Hi: Before anything else, are you Part P & 17th edition qualified ? also if you look in the regs or On Site Guide all information you require should be in there.


----------



## webelec (Dec 9, 2010)

Specialist, I wouldn't be worried if he's 17th edition qualified more that he's a qualified or approved electrician generally.

theedge147: I would say SWA is a good idea, but you will also need to install a switch fuse in the garage. The DNO will only allow between 2 and 3mtrs of tails to be run from their meter to a consumer unit on their own fuse. Tails will only need to be RCD protected if they are part of a TT system or if they are buried less than 50mm. I take it you want to run the cables in trunking inside the garage?


----------



## Specialist (Nov 18, 2011)

webelec said:


> Specialist, I wouldn't be worried if he's 17th edition qualified more that he's a qualified or approved electrician generally.

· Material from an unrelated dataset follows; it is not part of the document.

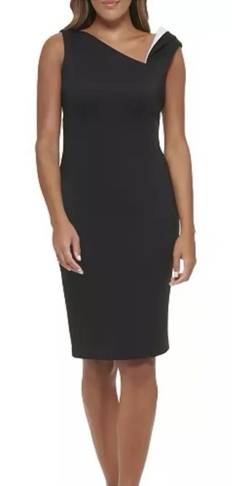 Calvin Klein Black Asymmetrical Neckline Dress Size 8 Black and White Exposed Zipper Back S... Show more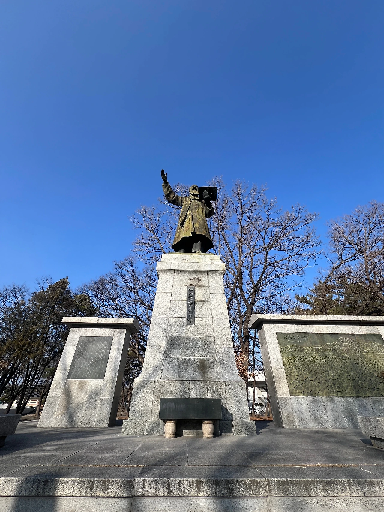 경주는 수운과 해월의 행적이 고스란히 남아 있는 곳이다. 초기 동학의 등장 전후 역사와 그 이후의 부침을 새겨보려면 경주를 와보지 않을 수 없다. 현재 경주시 현곡면에는 수운의 생가와 그가 득도한 용담정, 그리고 그 일가의 묘소가 있다. 용담정 인근에는 천도교를 중심으로 전시관과 수련시설이 조성되어 있다. 시내에서 20분 정도면 가볼 수 있는 거리이다. 해월의 생가 터는 경주 구도심에 있는데, 조만간 복원사업이 시작될 예정이라고 한다. 그의 동상은 황성공원 공설운동장 옆에 서 있다. 경주시민이라면 산책하며 늘 접하는 위치에 있다.

Sorry to tell you mate but it does worry me, if he's replacing a CU the he should know the Regs & should be part P registered or get it checked by the LABC at least. I see the results of people who don't really understand what they're doing, altering Electrics too regularly for it not to worry me.


----------



## webelec (Dec 9, 2010)

So you think that having just a 17th edition qualification is enough then eh? Sorry but it takes far more than that in my opinion. I guess you'll try to counter that with being part p registered? Again, not enough and this is why the rules for membership are changing in January, because the two things you mention are not enough.


----------



## Specialist (Nov 18, 2011)

No i'm not going to try & counter that with Part P for 2 reasons: 1) Part P is a load of C**P & 2) After 40 years in the Trade I don't care any more.
After the Initial question posted I was trying to assess if he had any level of knowledge about the Regulations that Govern Electrical work in the UK, or 1 of the 5 / 15 day wonders who have'nt got a clue.


----------



## webelec (Dec 9, 2010)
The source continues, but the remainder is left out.